_Work required_
Return the data below in full and exactly, except that the pictures are dropped.

_Raw data_
------------------------------------
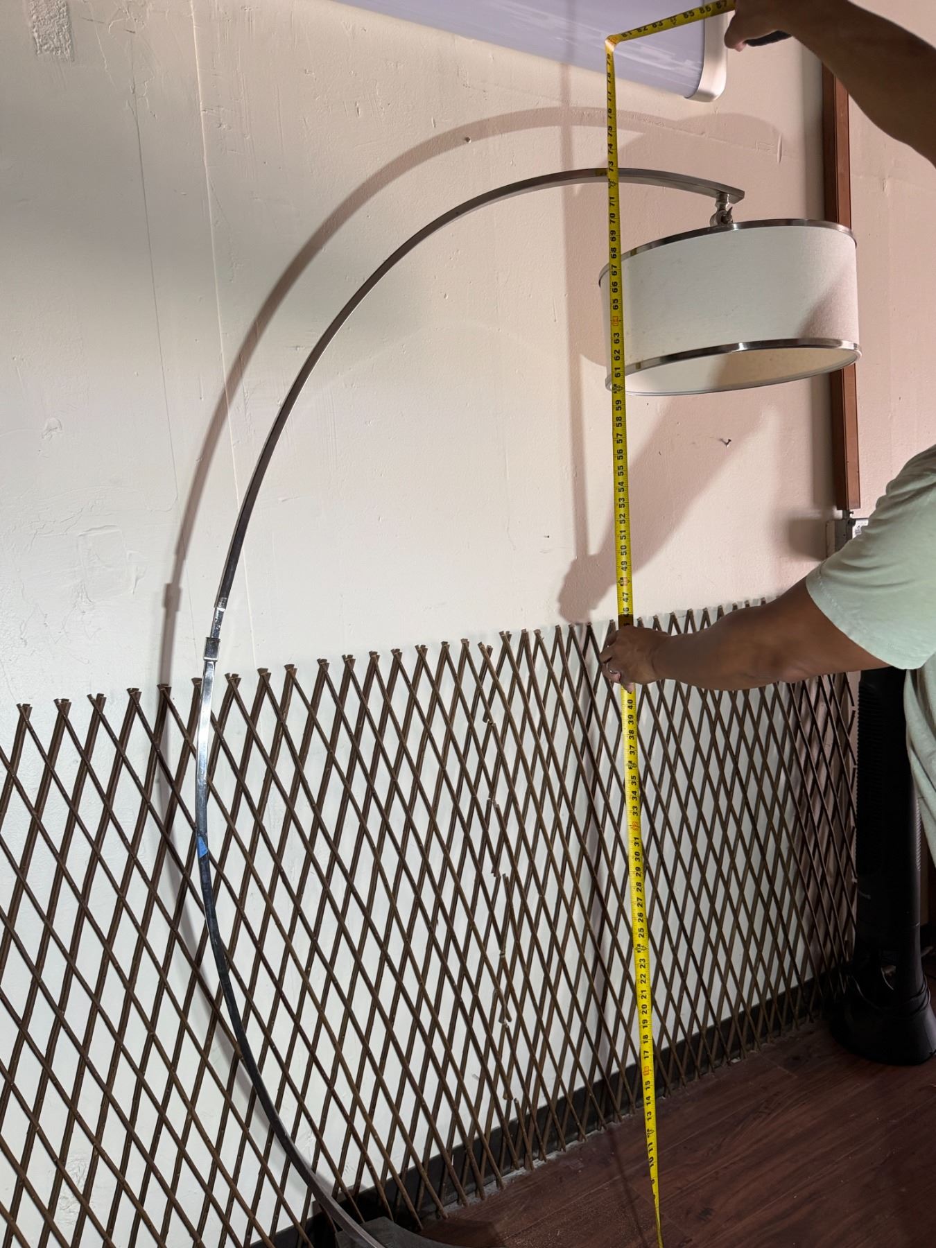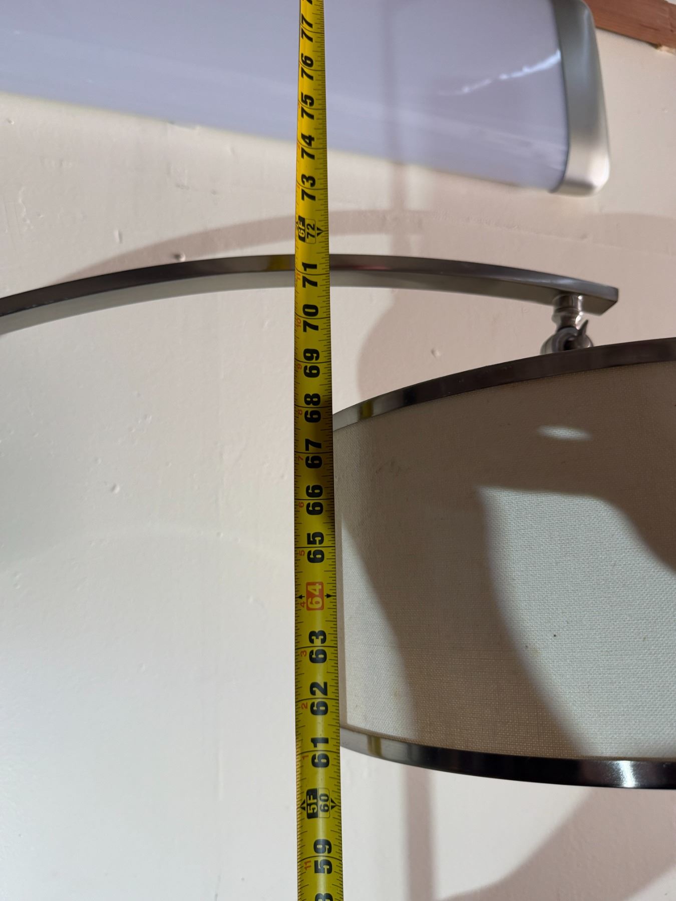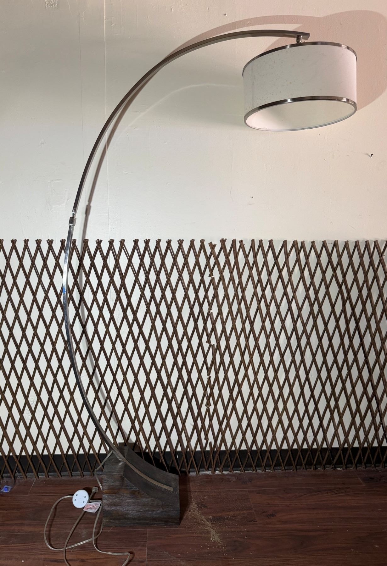 Metal Curved Arc Floor Lamp w/ Drum Shade on Wooden Base 16" Dia, 72"H
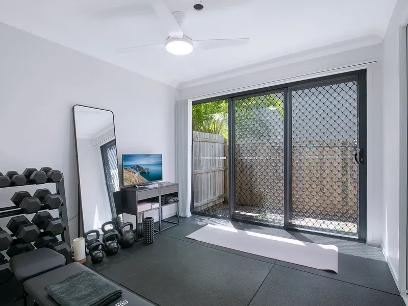 # Third bedroom downstairs, off the garage with access to the courtyard, ceiling fan and private ensuite
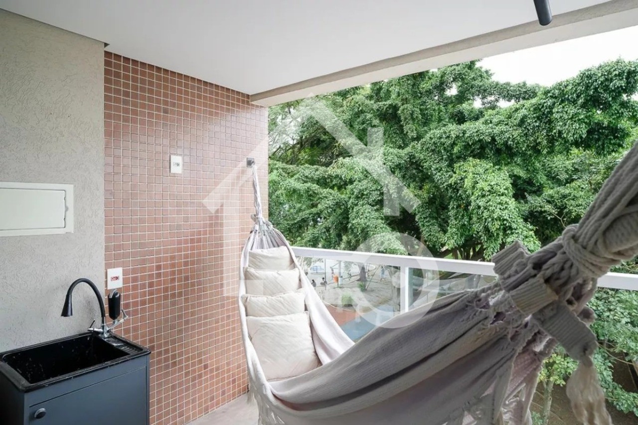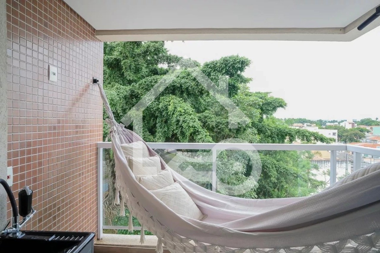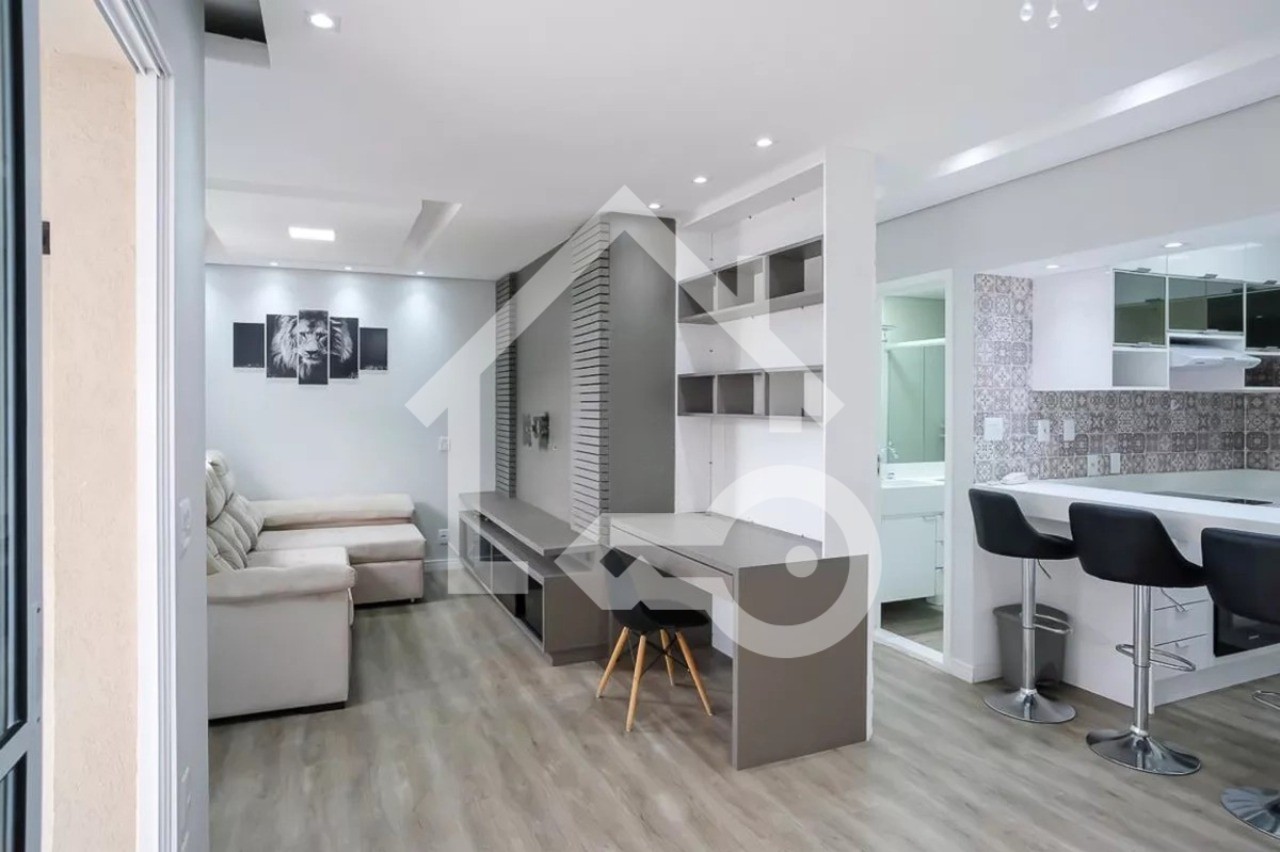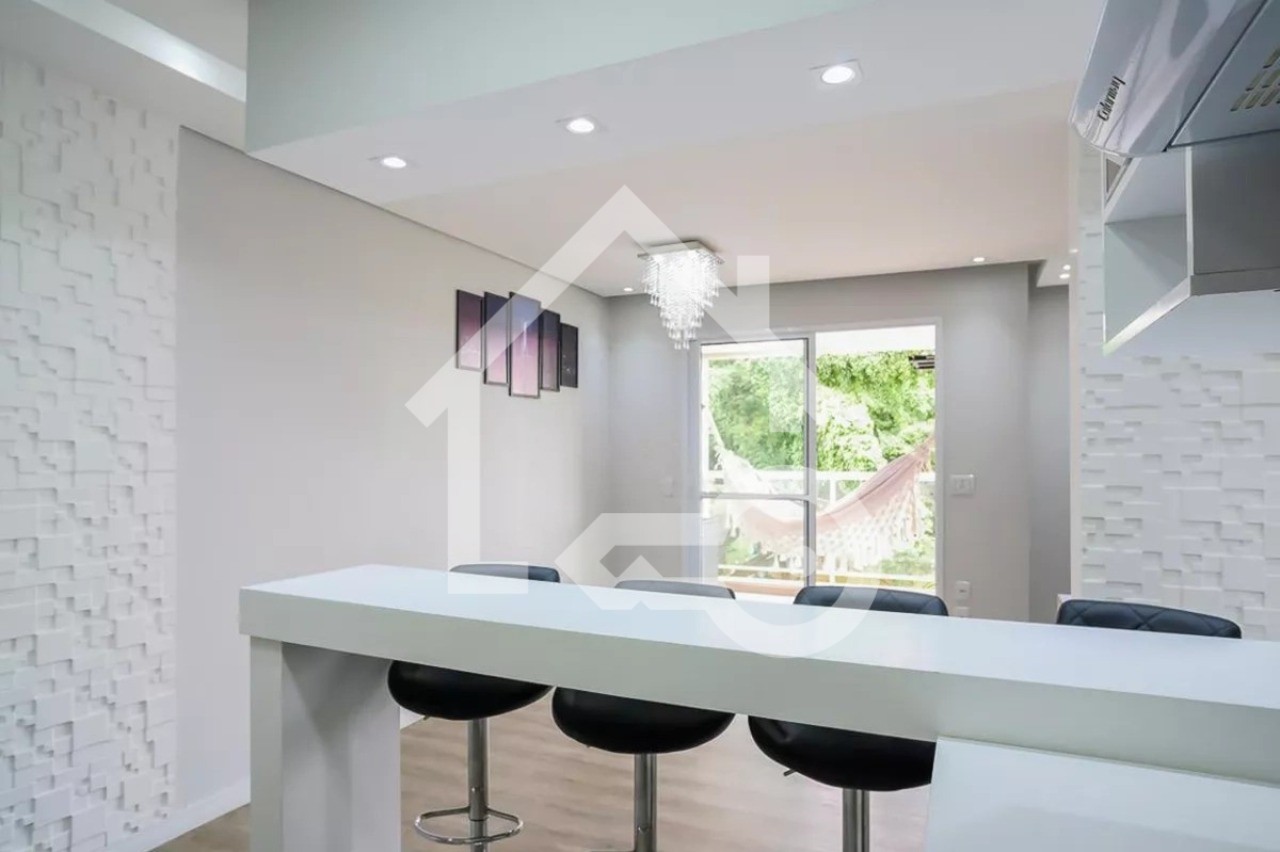 Sala com sacada gourmet.
------------------------------------
_Result of this exercise_
 Metal Curved Arc Floor Lamp w/ Drum Shade on Wooden Base 16" Dia, 72"H
 # Third bedroom downstairs, off the garage with access to the courtyard, ceiling fan and private ensuite
 Sala com sacada gourmet.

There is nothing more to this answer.